В середине декабря Ада и ее девушки начали готовиться к встрече Рождества 1904 года. Двадцатого к ним в гости из Питермарицбурга приехали Руфь и Буря, и частые отсутствия Шона в Лайон-Копе заметно добавили Майклу работы. В доме на Протеа-стрит царила атмосфера тайны. На долгие обсуждения в личных комнатах Ады Шона не допускали; здесь придумывали свадебное платье, но это была не единственная тайна.
Было еще что-то, отчего все молодые женщины то и дело хихикали и находились в состоянии постоянного возбуждения. Подсматривая и подслушивая, Шон понял, что это как-то связано с рождественским подарком от Руфи. Но у Шона были другие заботы, и главная из них – жестокое соперничество за внимание мисс Бури Фридман. Оружием было огромное количество сластей, которые доставались Буре без ведома Руфи. Пони остался в Питермарицбурге, и Шону ценой умаленного достоинства и пятен травы на коленях приходилось заменять его. А в качестве награды он ежедневно получал приглашение выпить чаю с Бурей и ее куклами.
Любимая кукла Бури была сделана в виде девочки с настоящими волосами и большим, безжизненным фарфоровым лицом.
Буря горько плакала, когда нашла эту куклу с разбитой на мелкие кусочки головой. С помощью Шона она похоронила куклу на заднем дворе Ады, а потом они оборвали в саду все цветы ей на могилу. Дирк мрачно наблюдал за похоронами. Буря полностью примирилась с потерей и так наслаждалась церемонией, что Шону пришлось выкопать куклу и начать все сначала.

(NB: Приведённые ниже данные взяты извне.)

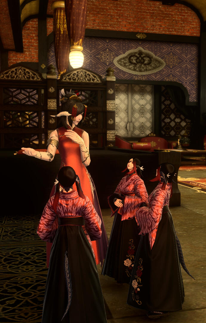It all sounds very convenient, doesn't it? That I am a benefactor the circumstances of my birth, that I was selected out of my three sisters to receive Kaede's expert tutelage in the dark underbelly of Eorzea and Othard, and to feed off of illicit riches.I recognize my sins against the world. Chief among them robbing women and men of their freedom strictly for the pleasures of malcontents. Yet I still would not have it any other way; I understand the human condition far better than I have any right to.So what are my own pains and struggles compared to those I victimize? Do I deserve to have my voice heard? No. But like so many other things I don't "deserve", I am going to voice them anyway.I still dealt with the consequences of having xaela scales in a city occupied by hyur, roegadyn, and raen au ra. Did I deserve that? No. But I accepted my mother's mentorship anyway, and rose to power despite these misgivings. I will never consider myself a victim. Easy to say from the top, isn't it? Well, the top was not given to me, despite what you might have been told.I earned it.
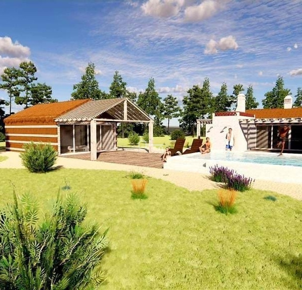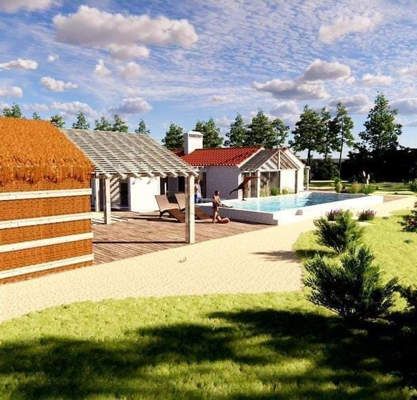 Ten projekt ma jako koncepcję typową konstrukcję domów Comporta, w tym główny dom z: 3 apartamentami, kuchnią i zewnętrznymi łazienkami z 1 niezależnym apartamentem, basenem, z łatwym dostępem, płaskim, z wodą, światłem, drzewami oliwnymi i 2 studniami.
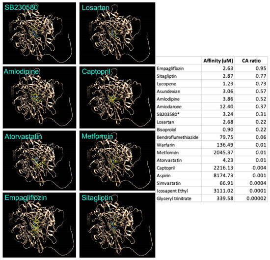 The binding sites of human SORT1 were identified using the PrankWeb: Ligand Binding Site Prediction tool (https://prankweb.cz/ (accessed on 15 September 2023)). To assess the targetability of SORT1 by small molecules, in this study, the molecular docking of selected drugs approved for the therapeutics of cardiovascular disease were evaluated against the AlphaFold structure of human SORT1 using AutoDock Vina 1.2.0. Briefly, the AlphaFold structure of SORT1 was optimised for molecular docking using AutoDock MGL tools. The isomeric SMILES sequence of the selected small molecules was obtained from the PubChem database and converted into the PDB format using the Chimera software (Chimera-1.17.3-mac64) following the optimisation of the structure for molecular docking [17,18]. The PDB structures of small molecules were further processed using the AutoDock MGL tools for molecular docking, as reported previously [15,16,17,18,19]. The SORT1 AlphaFold structure was also screened against our in-house compound library to identify a high-affinity inhibitor. Moreover, AF38469 and SB203580, which are reported to be orally bioavailable SORT1 inhibitors, were used as reference compounds [3,7,8,9]. To assess the targetability potential of SORT1 by the small molecules, the concentration affinity ratio (CA ratio) for each of the small molecules was calculated as described before [17,19].
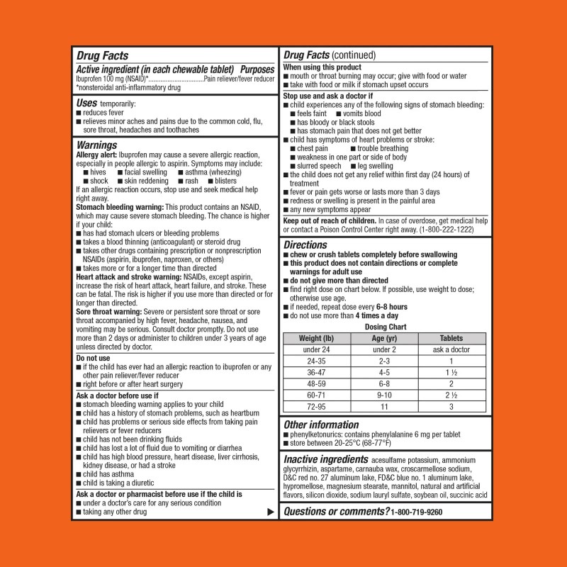 • Pain Reliever and Fever Reducer: Children's Ibuprofen Chewable Tablets reduce fever and relieve minor aches and pains due to the common cold, flu, sore throat, headaches and toothaches.
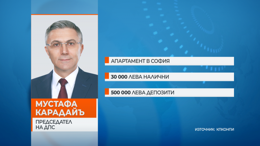 Лидерът на ДПС Мустафа Карадайъ има апартамент в София, 30 000 налични средства и 500 000 лева депозит.
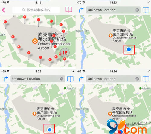 进入全局位置自定义菜单,找个适合跑步的地方。加拿大的麦克唐纳.卡蒂尔国际机场不错!围着这个机场,每在一个位置长按一次,即确定一个坐标。标记的时候会显示编号,标好后,点击标记也会显示编号。我依次标上18个坐标,保存以后,我们先进手机自带“地图”看一下。注意查看各图上的时间和位置情况。位置是随着时间变换变换的。
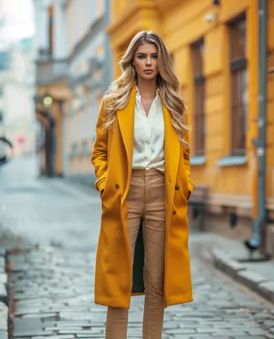 This outfit is a stunning blend of bold and classic. The bright mustard-yellow coat immediately grabs attention, creating a warm, cheerful vibe. Underneath, a crisp white blouse and beige tailored trousers provide a clean, elegant foundation. Nude pumps complete the look, elongating the silhouette while letting the coat remain the star of the show.
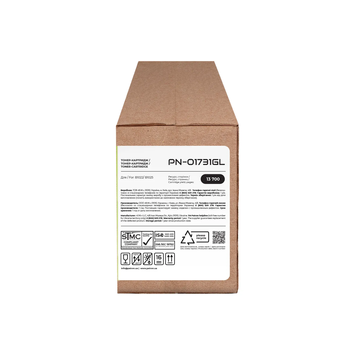 Мы позаботились о том, чтобы упаковка картриджа была не только экологичной, функциональной, имела минимально возможные физические размеры, но и содержала всю необходимую информацию. На зеленой этикетке находится информация о продукте, его совместимости с печатающими устройствами, номер партии, дата изготовления, контакты производителя, а также номер телефона бесплатной горячей линии для украинских потребителей.

Куклу хоронили четыре раза, а по саду Ады словно прошлась туча саранчи.
Глава 73
Рождество для Шона началось рано. Они с Майклом присматривали за забоем десяти больших быков для рабочих-зулусов, потом распределяли плату и подарки. Каждому мужчине – штаны и куртку цвета хаки, каждой из их жен – по две горсти цветных бус. Было много пения и смеха. Мбежане, по такому случаю вставший с постели, произнес речь глубокого драматического содержания. Неспособный прыгать на своих еще неполностью заживших ногах, он потрясал копьями и выкрикивал вопросы:
– Бил ли он вас?
– Ай-бхо! – хором звучал отрицательный ответ.
– Кормил ли он вас?
– Ихе-бхо! – Взрывное утверждение.
– Есть ли золото в ваших карманах?
– Ихе-бхо!
– Он ваш отец?
– Он наш отец!
Не следует все это воспринимать буквально, улыбался Шон. Он вышел вперед, чтобы получить большой глиняный сосуд с просяным пивом, который поднесла ему старшая жена Мбежане. Делом чести было осушить этот сосуд, не отрывая губ от края, и Шон, а потом и Майкл такой подвиг совершили. Потом они поднялись в поджидавшую их коляску, Мбежане взял вожжи – Дирк сидел с ним рядом – и отвез их в Ледибург.
После первых приветствий и пожеланий Руфь в сопровождении всех собравшихся отвела Шона на задний двор. Здесь стоял большой предмет, накрытый брезентом; брезент с церемониями сняли, и Шон уставился на подарок Руфи.
Блестит свежая краска, все металлические детали начищены, кожаная обивка лоснится – сверкая на солнце, перед Шоном стоял автомобиль. На осях больших металлических колес буква U, а под фигурой на радиаторе слова «Роллс-ройс».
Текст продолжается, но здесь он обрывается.